Sensitivity: sigmoid derivative

Training needs gradients. Sigmoid has a famously convenient derivative.

Let p = σ(z) = 1 / (1 + e^(−z)).

Differentiate:

p = (1 + e^(−z))^(−1)

∂p/∂z = −1 · (1 + e^(−z))^(−2) · ∂/∂z (1 + e^(−z))

∂/∂z (1 + e^(−z)) = −e^(−z)

So:

∂p/∂z = (1 + e^(−z))^(−2) · e^(−z)

Now rewrite in terms of p:

p = 1 / (1 + e^(−z))

1 − p = e^(−z) / (1 + e^(−z))

Therefore:

p(1 − p) = [1 / (1 + e^(−z))] · [e^(−z) / (1 + e^(−z))] = e^(−z) / (1 + e^(−z))²

Thus:

∂p/∂z = p(1 − p)

This compact form is one reason logistic regression is so convenient.

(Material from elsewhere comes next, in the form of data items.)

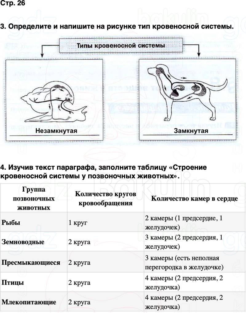 4. Изучив текст параграфа, заполните таблицу «Строение кровеносной системы у позвоночных животных».
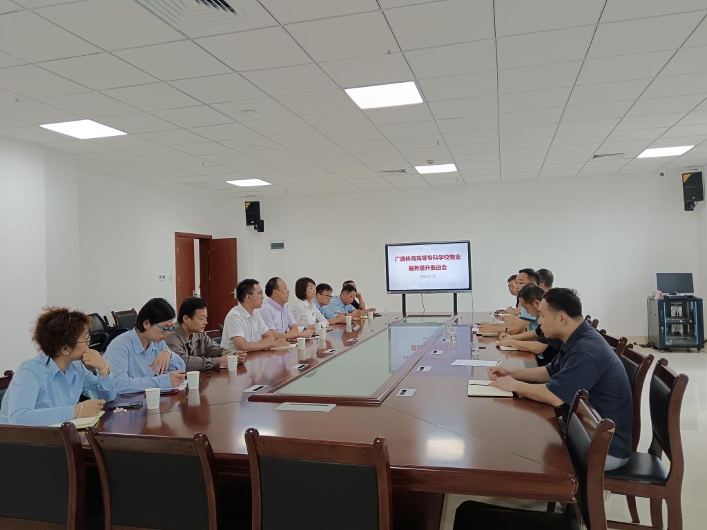 2025年7月11日下午,广西体育高等专科学校后勤保卫处联合学工处组织物业公司主要负责人及各业务板块主管,在712会议室召开物业服务提升推进会,会议围绕聚焦服务提质与暑期保障工作精准发力。
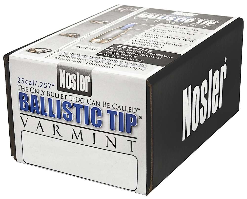 Nosler Ballistic Tip Varmint bullets thrive on ultra-high velocity loads, yet will go the distance with spectacular results all the way down to the lowest practical velocity levels. Fast or slow, near or far, no matter what rifle/cartridge combination you're shooting or what varmint you're shooting at, Nosler Ballistic Tip delivers match-grade accuracy with all the performance characteristics serious varmint hunters are looking for.
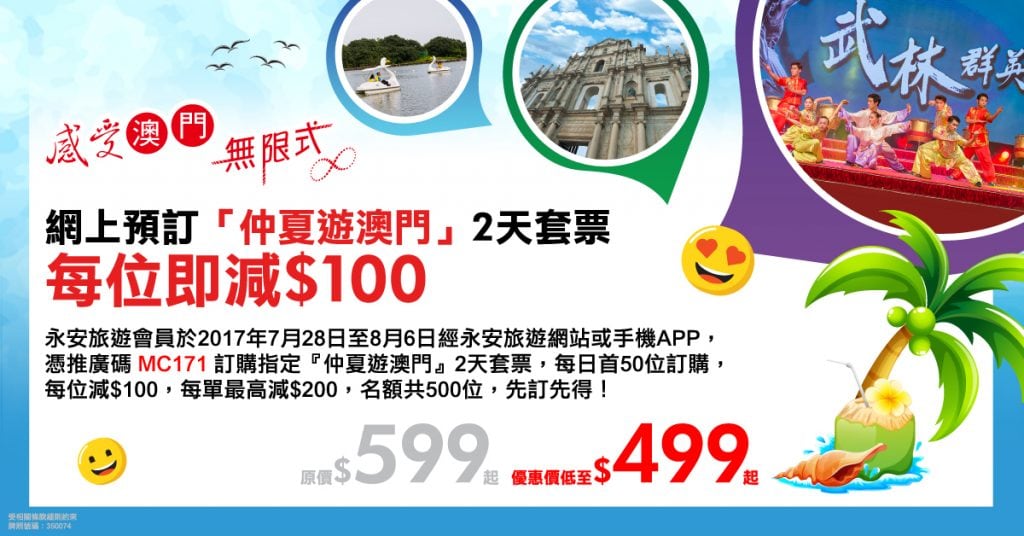 永安旅遊推出【仲夏遊澳門】2日1夜套票每人減$100優惠
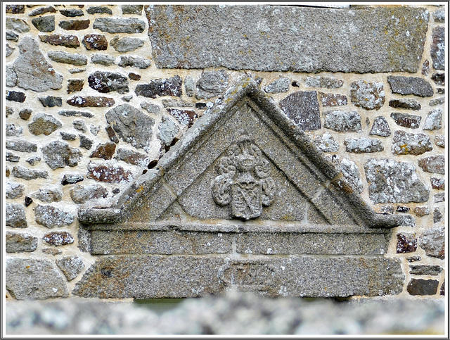 ( Le logis daté de 1754 par un chronogramme sculpté à l’intérieur du fronton de la porte ) (La porte du logis principal est surmontée d'un fronton triangulaire, dans lequel s'intègre un écu. Ce dernier est habillé d'un cimier, il est sculpté de deux sceptres fleurdelisés passés en sautoir avec pied d'hermine sur un fond d'azur.)

Interpretability: weight signs and magnitudes

Because log-odds are linear:

log(p/(1−p)) = w·x + b

Each weight wⱼ has a direct interpretation:

  • Increasing xⱼ by 1 increases log-odds by wⱼ (holding others fixed).
  • If wⱼ > 0, that feature pushes toward class 1.
  • If wⱼ < 0, it pushes toward class 0.

Caution: interpretation depends on feature scaling. If one feature is measured in large units, its weight will tend to be smaller.

A tiny comparison table

ComponentLinear regression (for y ∈ ℝ)Logistic regression (for y ∈ {0,1})
Scorew·x + bw·x + b
Outputŷ = scoreŷ = σ(score) ∈ (0,1)
Typical losssquared errorbinary cross-entropy
Probabilistic meaningGaussian noise assumptionBernoulli likelihood

This sets up the next step: choosing a loss that matches Bernoulli labels.

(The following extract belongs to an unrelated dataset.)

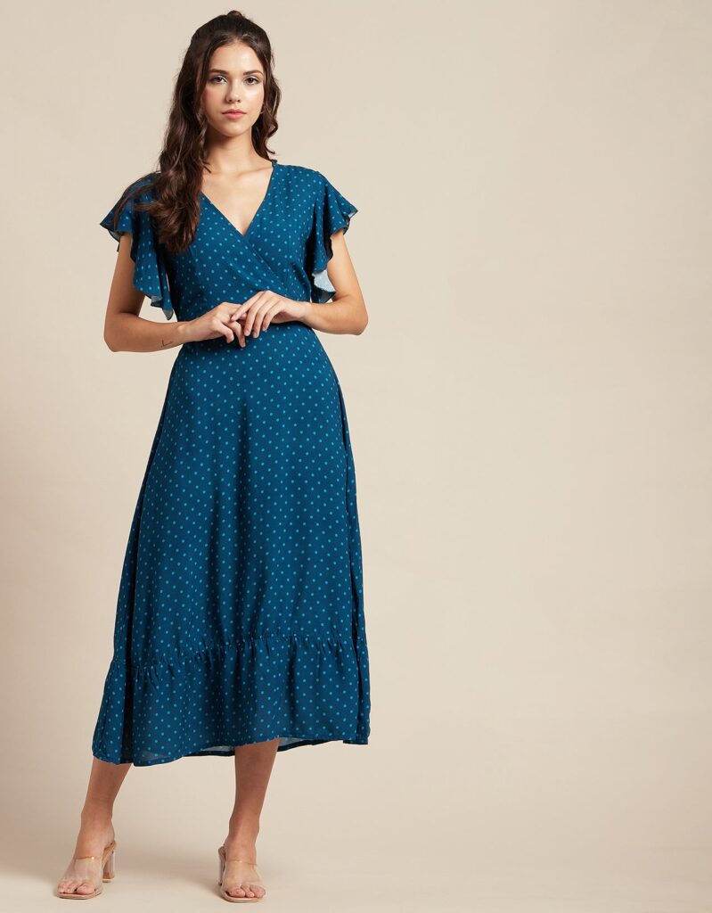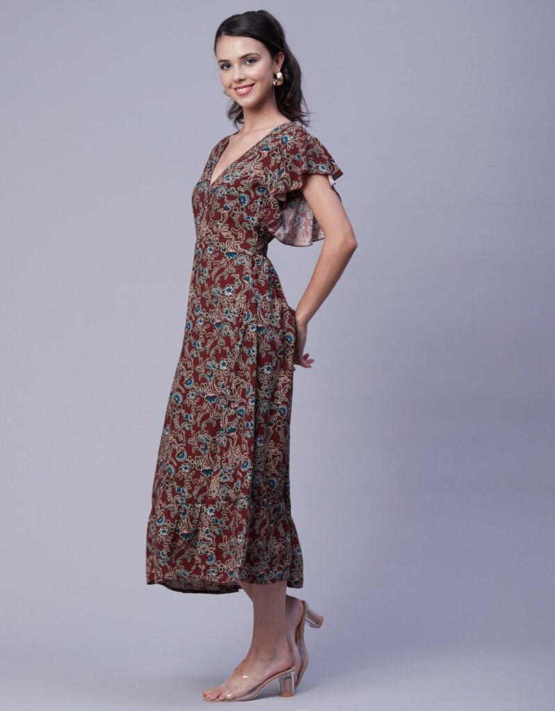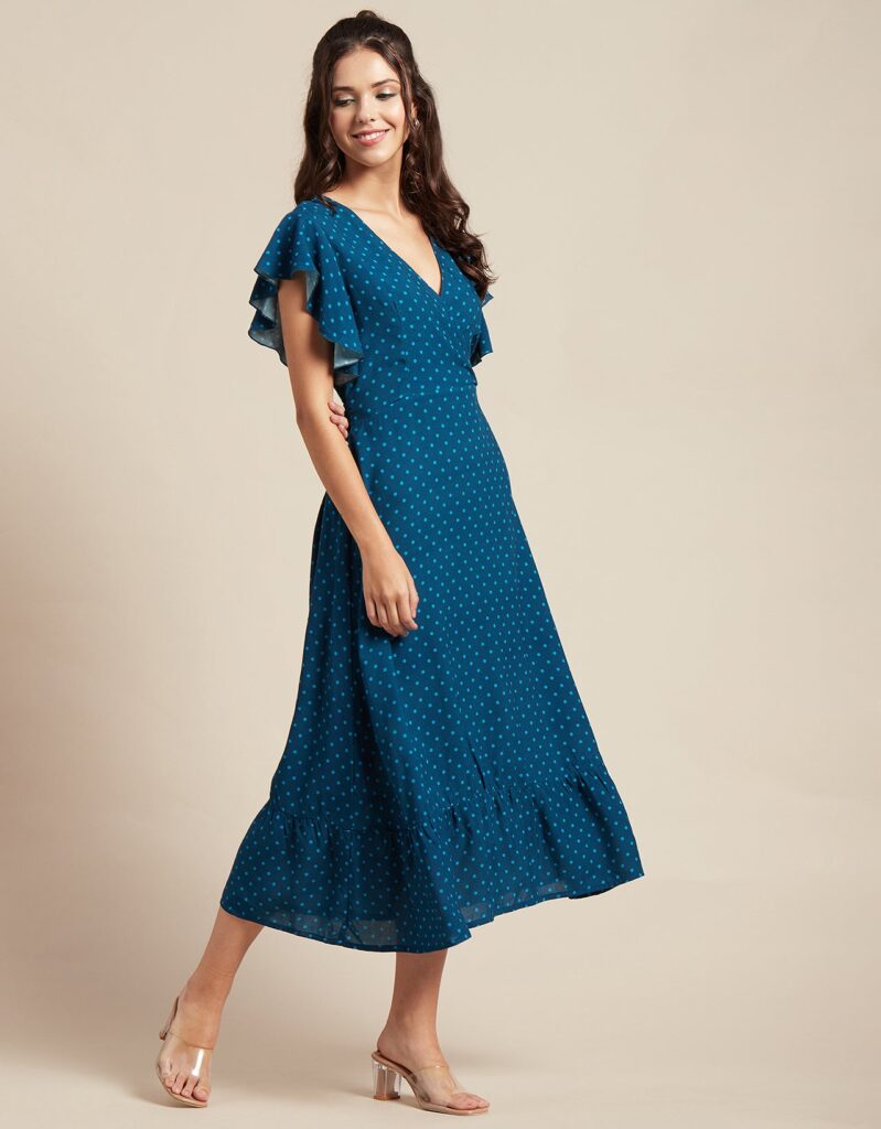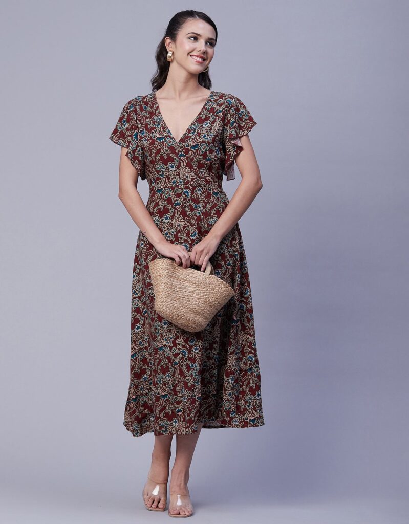 Tags: Printed Midi Dresses, Short Sleeves Dresses, V Neck Dresses, Ruffled Midi Dresses, Summer Midi Dresses, Printed Summer Dresses For Women

Core Mechanic 2: Binary Cross-Entropy as Negative Log-Likelihood

Why we need a special loss

For classification, we don’t just want “close numeric values.” We want:

  • confident correct predictions to be rewarded
  • confident wrong predictions to be punished strongly
  • a probabilistic interpretation (so “0.9” means something)

Binary cross-entropy (BCE) comes directly from maximum likelihood estimation for a Bernoulli model.

Bernoulli model for labels

Assume for each input x, the label y is drawn as:

P(y = 1 | x) = p

P(y = 0 | x) = 1 − p

with p = σ(z) and z = w·x + b.

The Bernoulli probability mass function can be written compactly as:

P(y | x) = pʸ (1 − p)^(1−y)

because:

  • if y = 1 ⇒ p¹(1−p)⁰ = p
  • if y = 0 ⇒ p⁰(1−p)¹ = 1−p

Likelihood for a dataset

Given N i.i.d. examples {(xᵢ, yᵢ)}:

L(w, b) = ∏ᵢ pᵢ^(yᵢ) (1 − pᵢ)^(1−yᵢ)

where pᵢ = σ(w·xᵢ + b).

Maximizing a product is awkward, so take logs:

log L = ∑ᵢ [ yᵢ log pᵢ + (1 − yᵢ) log(1 − pᵢ) ]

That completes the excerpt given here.